The Coq mailing list

[Matthieu Sozeau <mattam AT mattam.org>]

Le 19 juin 2010 à 12:02, Gyesik Lee a écrit :

> Hi,

Hi,

> I would like to write some tactics using dependent destruction.
> (I'm using Coq8.2pl1)
> 
> 1) Writing a tactic using dependent destruction is not possible?
> 
> Let me first introduce an example:
> 
> ================
> 
> Parameter A B : Type.
> 
> Inductive P : A -> B -> Prop :=
>  | All : forall a b, P a b.
> 
> Ltac toto :=
>  match goal with
>    | H : P _ _ |- _ => dependent destruction H
>  end.
> 
> Ltac toto1 := intros; toto.
> 
> Lemma titi : forall a b c d,
>  P a b -> P c d.
> Proof.
> intros. toto.
> 
> =================
> 
> Applying the tactic "toto" triggers the following error message:
> 
> Error: No matching clauses for match goal
>       (use "Set Ltac Debug" for more info).
> 
> However, if you replace "dependent destruction H" with "assert False",
> for example,
> in the definition of toto, then it behaves as expected.
> 
> I am wondering why.

There seems to be a bug in the interpretation of tactics. "dependent 
destuction" is
defined as a tactic notation expecting an ident(H), while H is an hypothesis 
(bound) name here.
If you redefine the notation like this it works:

Tactic Notation "dependent" "destruction" hyp(H) := 
  do_depelim' ltac:(fun hyp => do_case hyp) H.

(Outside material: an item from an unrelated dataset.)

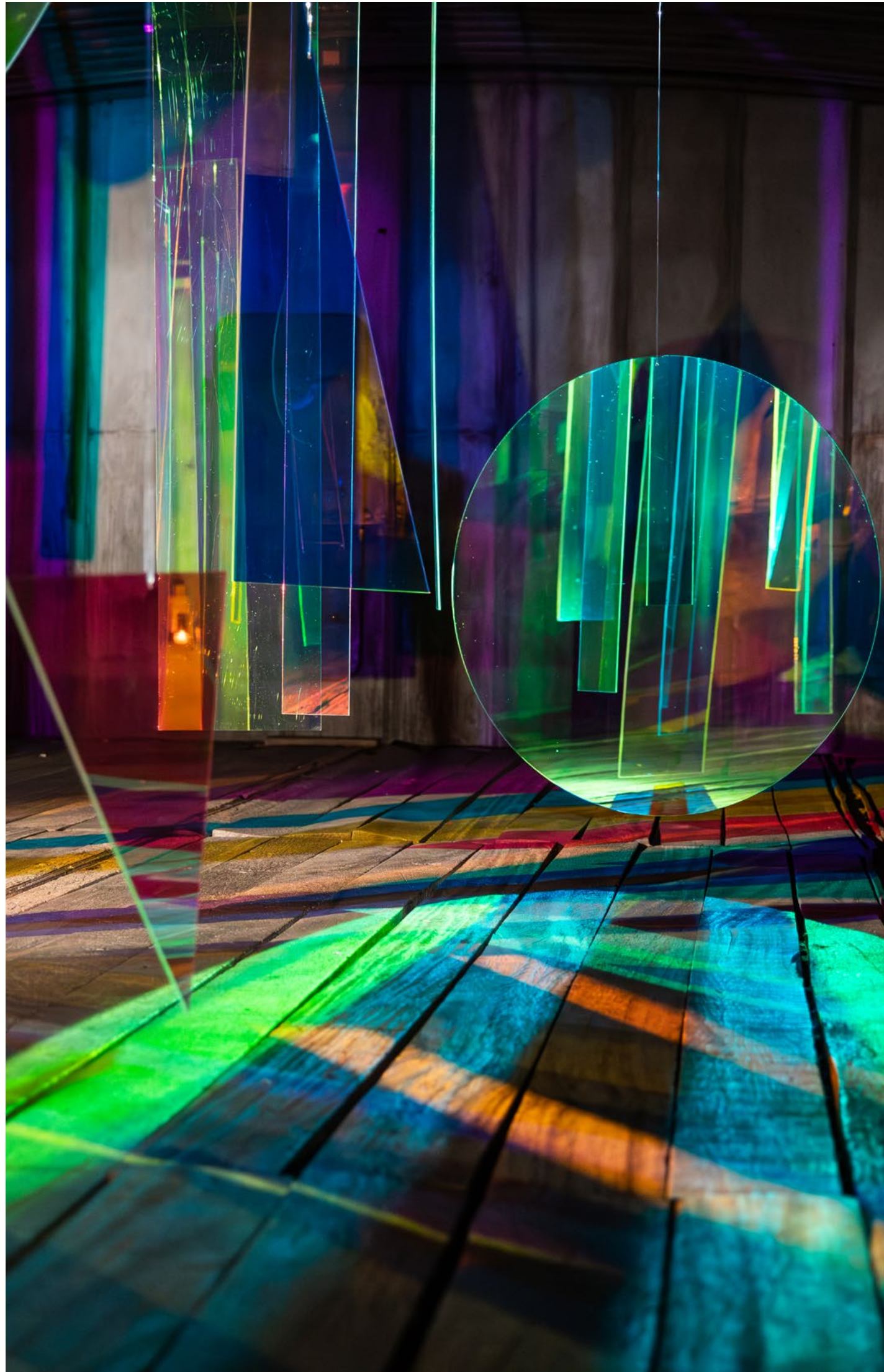
solo exhibition Hosek Contemporary – Berlin, Germany

In any case, you can use the underlying tactical directly which has no such 
problems.

> 
> 2) Is there a way to use "dependent destruction" with "as" like
> "inversion H as ..." or "destruct H as ... "?

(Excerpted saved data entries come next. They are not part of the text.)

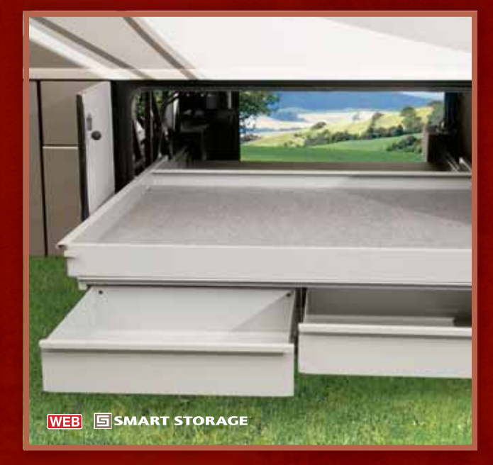
STORAGE TRAY An available sliding storage tray with drawers makes accessing stored gear even easier.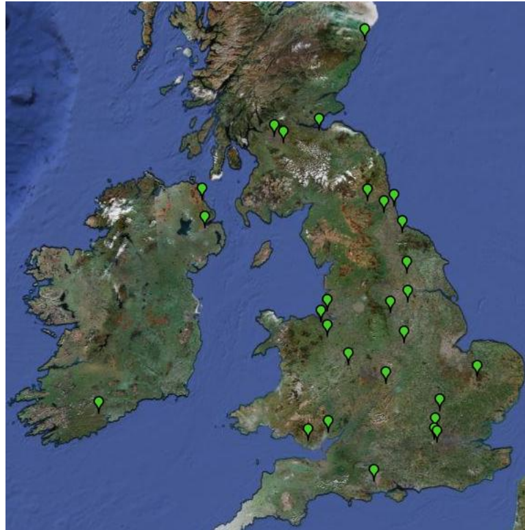
No narrative PP used

It is abundantly clear that there is no real geographical grouping, and that the spread of the form is in pan-British. The narrPP is used by speakers from Scotland, Wales, the Republic of Ireland and across England from north to south. The only areas which appear not to manifest narrPP are the South-West and East Anglia, but this is due to a sampling effect introduced by the random choice of examples. The same kind of patterning holds true of those speakers from the corpus who manifested no use of the narrPP.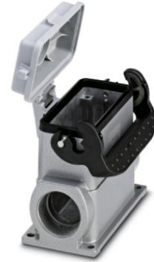
Figure shows product variant without screw connection

http://eshop.phoenixcontact.de/phoenix/treeViewClick.do?UID=1771697

By customizing the tactical I suppose yes. Have a look at the end of 
Program.Equality for ideas (e.g. the [using] variants).

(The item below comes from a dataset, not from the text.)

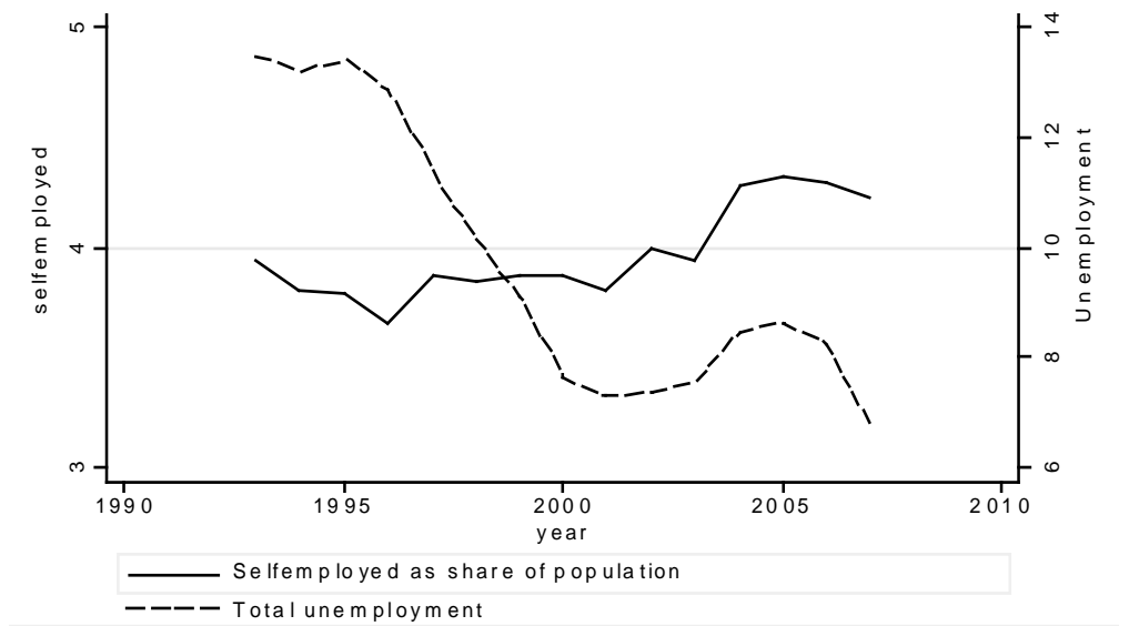
Figure A 2. Unemployment and self-employment among women 1993-2007

> 3) (not relevant to dependent destruction)
> 
> Suppose, during a proof, you have assumptions as follows
> 
> H : forall (x : A), Q x -> P x x
> a : A
> H0 : Q a
> 
> How would you write a tactic which generates a new assumption (H1 : P a a)?

assert(H1:=H _ H0)? Or you mean how to match on the goal?

Hope this helps,
-- Matthieu